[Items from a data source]
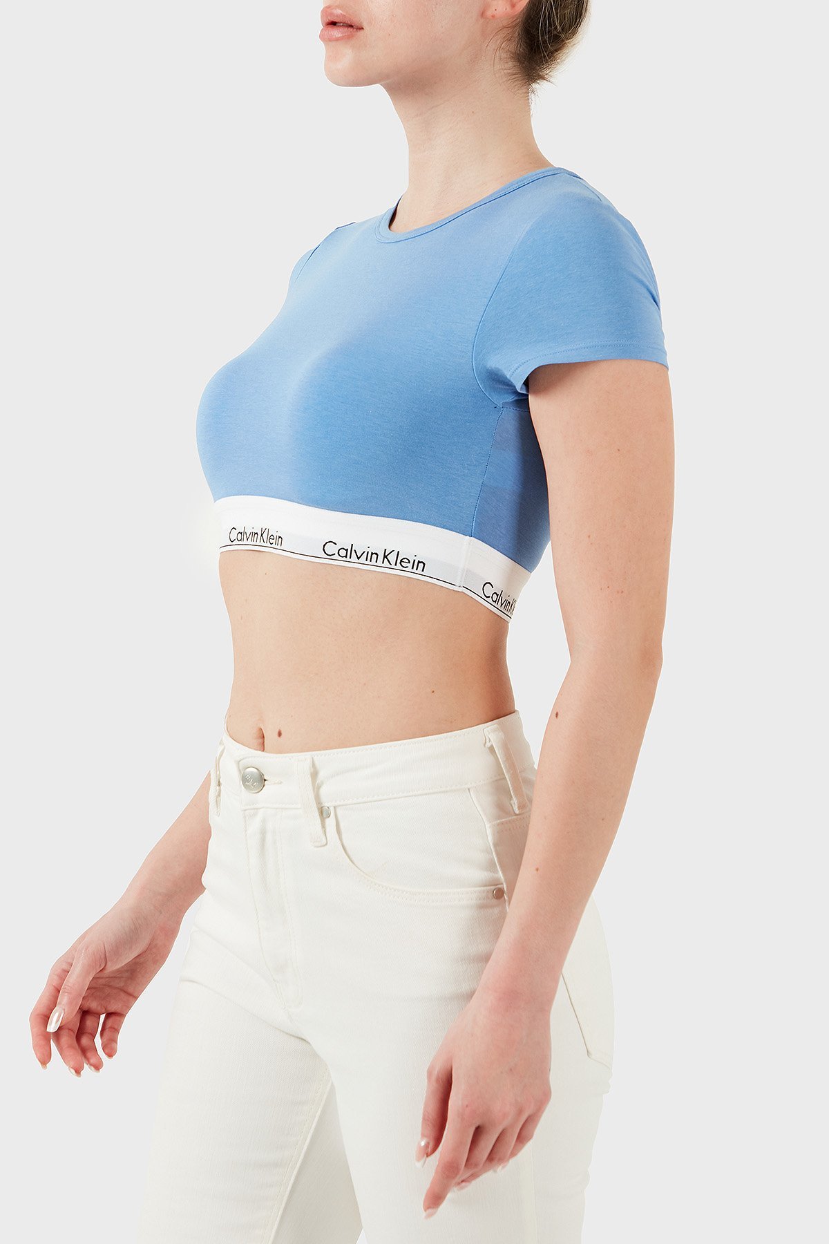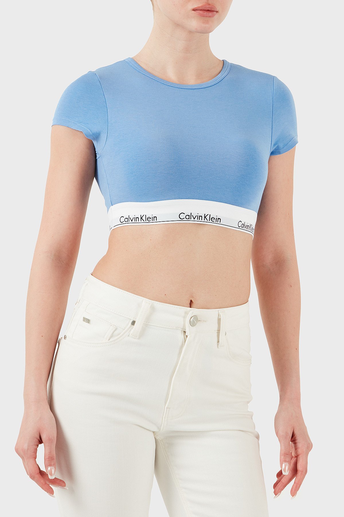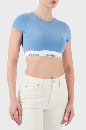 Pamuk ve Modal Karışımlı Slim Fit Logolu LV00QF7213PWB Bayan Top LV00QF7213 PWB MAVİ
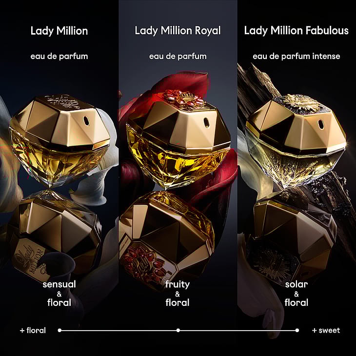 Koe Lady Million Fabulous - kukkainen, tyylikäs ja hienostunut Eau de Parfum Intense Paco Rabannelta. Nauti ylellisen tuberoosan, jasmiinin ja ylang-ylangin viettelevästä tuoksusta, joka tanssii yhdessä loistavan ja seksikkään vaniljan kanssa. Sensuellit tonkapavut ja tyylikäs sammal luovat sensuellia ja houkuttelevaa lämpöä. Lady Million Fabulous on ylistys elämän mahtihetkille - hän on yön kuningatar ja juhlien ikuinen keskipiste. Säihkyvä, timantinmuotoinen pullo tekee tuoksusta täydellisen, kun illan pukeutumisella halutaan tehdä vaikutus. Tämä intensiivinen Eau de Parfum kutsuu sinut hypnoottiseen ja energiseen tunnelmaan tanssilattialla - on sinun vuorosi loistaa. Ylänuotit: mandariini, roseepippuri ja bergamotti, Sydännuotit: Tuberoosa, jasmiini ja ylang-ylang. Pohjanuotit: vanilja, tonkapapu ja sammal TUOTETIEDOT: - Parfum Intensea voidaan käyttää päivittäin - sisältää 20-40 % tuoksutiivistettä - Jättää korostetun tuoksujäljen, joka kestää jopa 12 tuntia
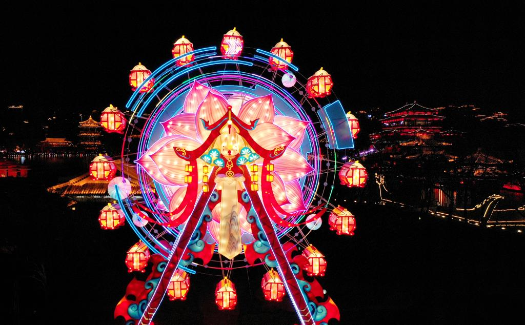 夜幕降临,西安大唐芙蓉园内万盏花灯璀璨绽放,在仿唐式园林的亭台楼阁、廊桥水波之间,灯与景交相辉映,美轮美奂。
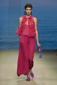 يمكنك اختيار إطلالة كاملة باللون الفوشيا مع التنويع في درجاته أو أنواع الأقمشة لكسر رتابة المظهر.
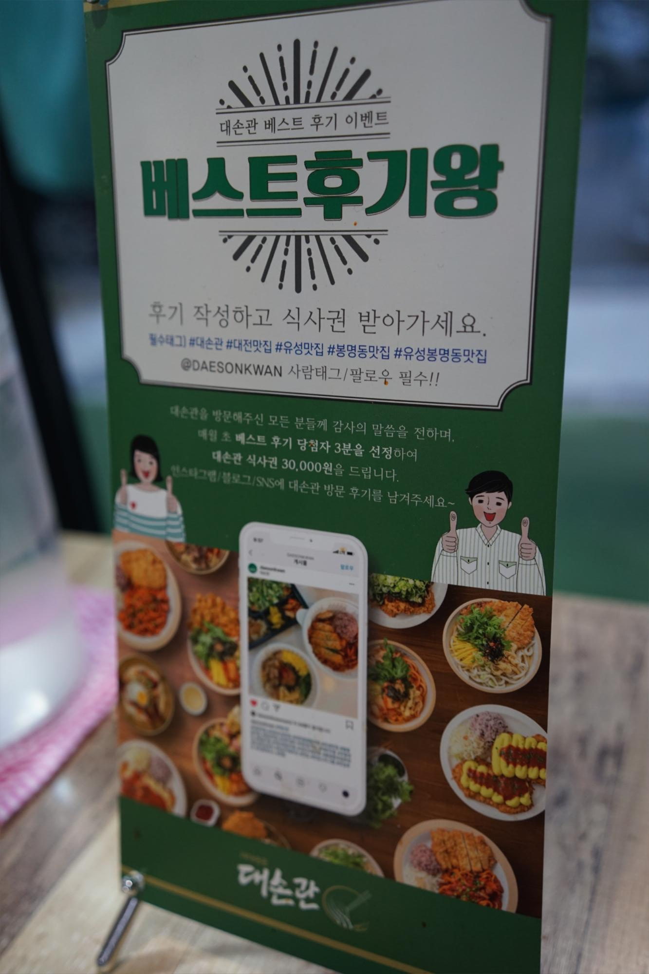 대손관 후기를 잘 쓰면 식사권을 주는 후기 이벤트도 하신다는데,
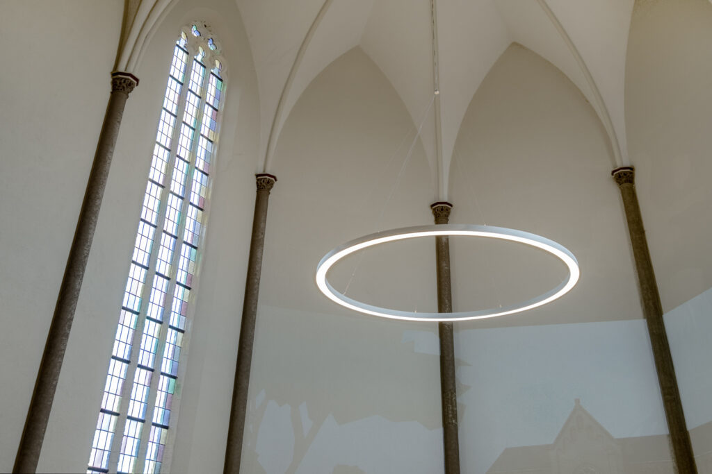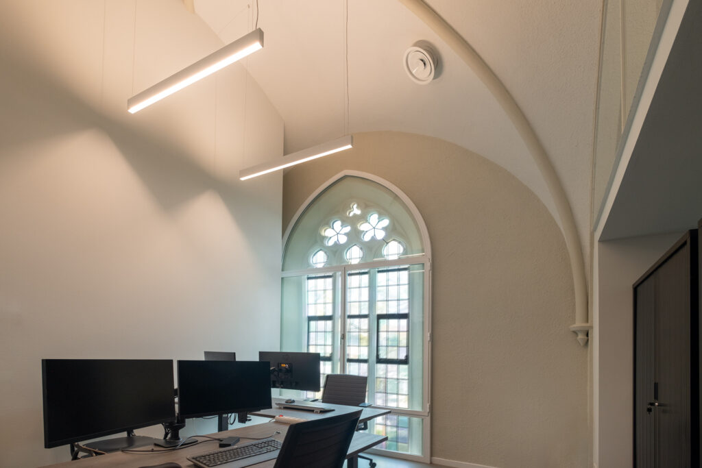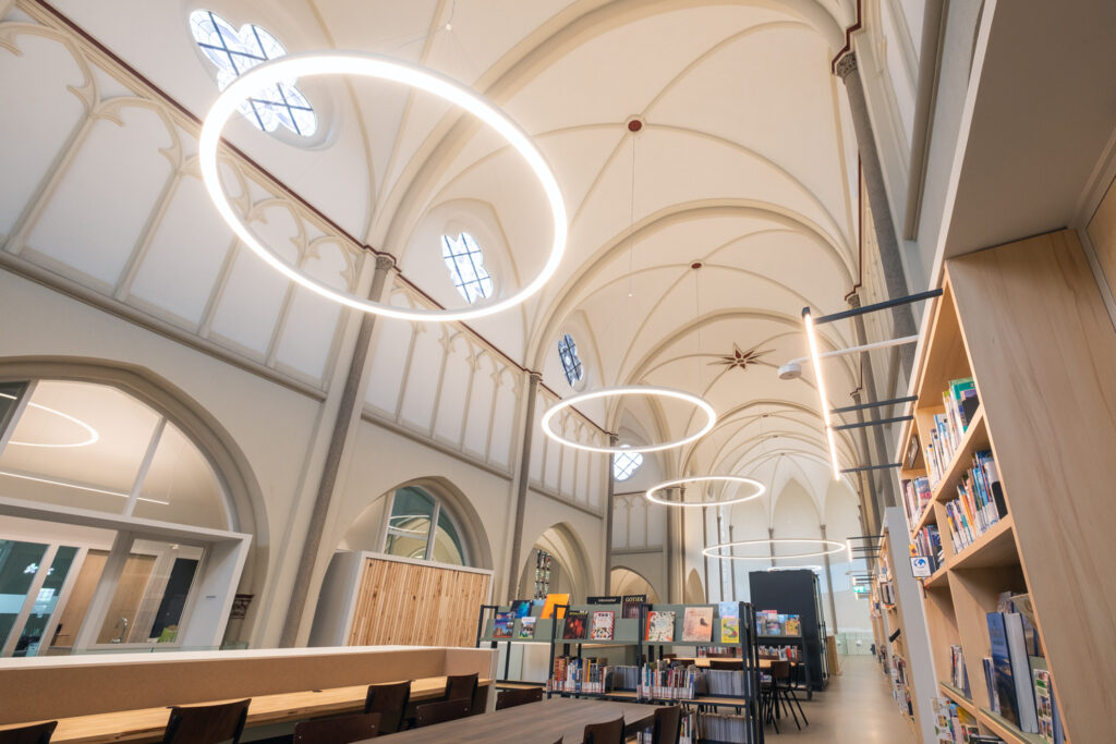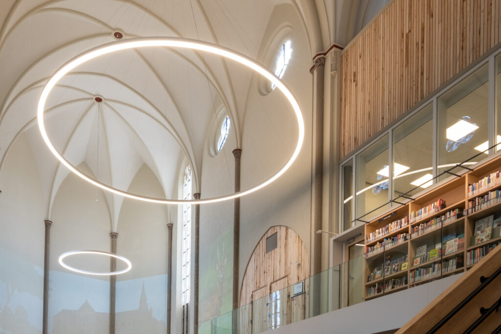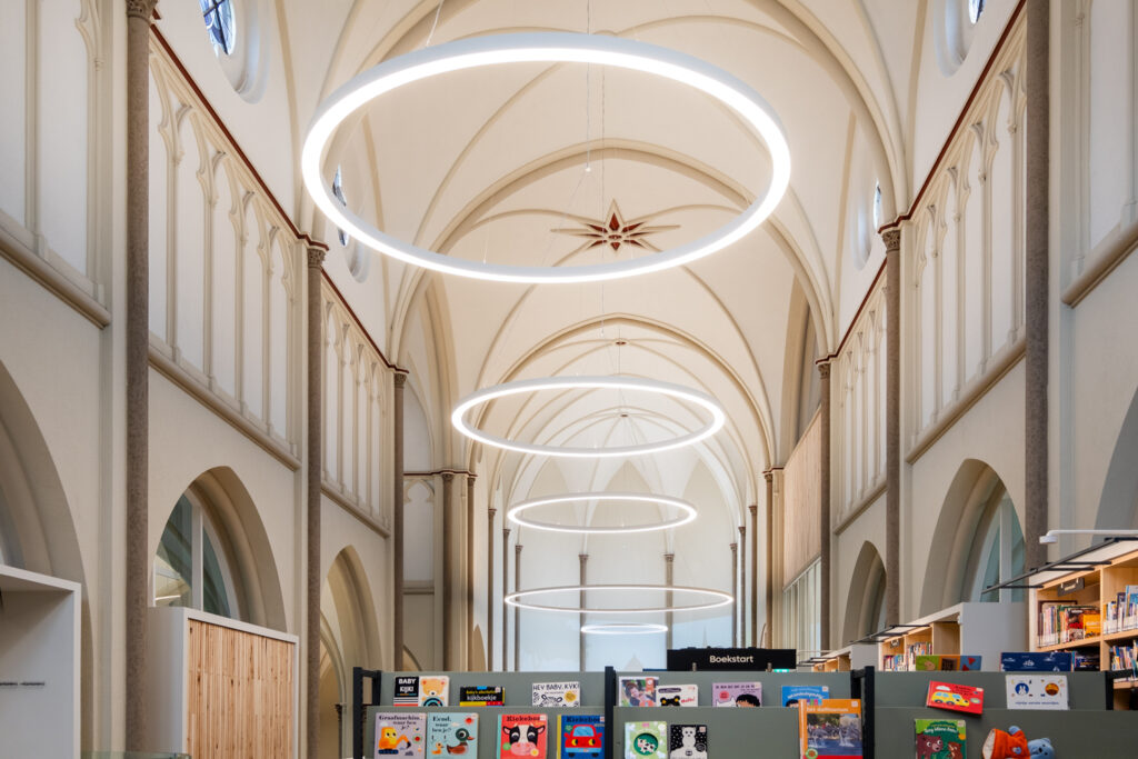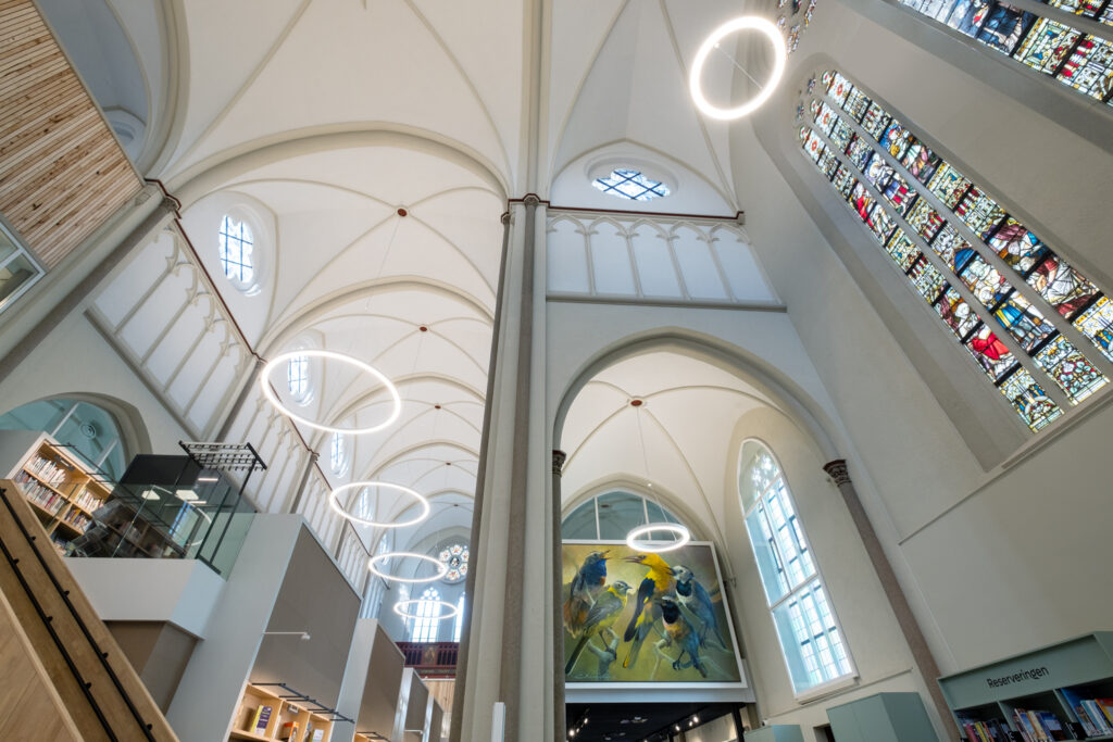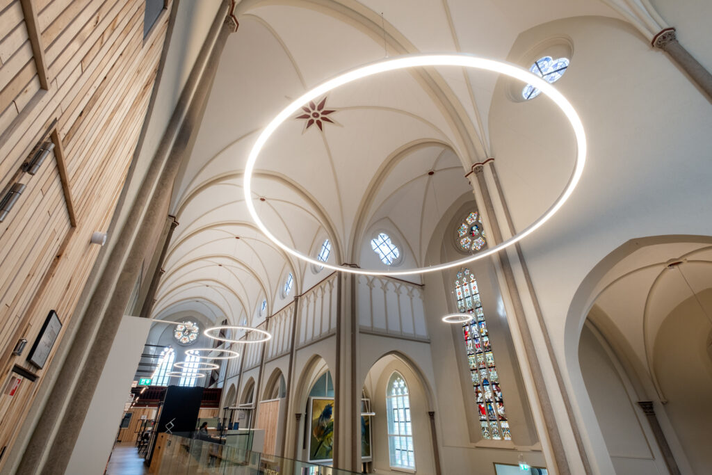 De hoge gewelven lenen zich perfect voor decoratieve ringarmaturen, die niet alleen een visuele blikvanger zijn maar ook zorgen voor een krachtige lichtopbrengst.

Task statement:
Your output should be exactly the lines of the records above from the one with "يمكنك اختيار إطلالة" through the last, both ends included, with pictures excluded.

Output of the exercise:
 يمكنك اختيار إطلالة كاملة باللون الفوشيا مع التنويع في درجاته أو أنواع الأقمشة لكسر رتابة المظهر.
 대손관 후기를 잘 쓰면 식사권을 주는 후기 이벤트도 하신다는데,
 De hoge gewelven lenen zich perfect voor decoratieve ringarmaturen, die niet alleen een visuele blikvanger zijn maar ook zorgen voor een krachtige lichtopbrengst.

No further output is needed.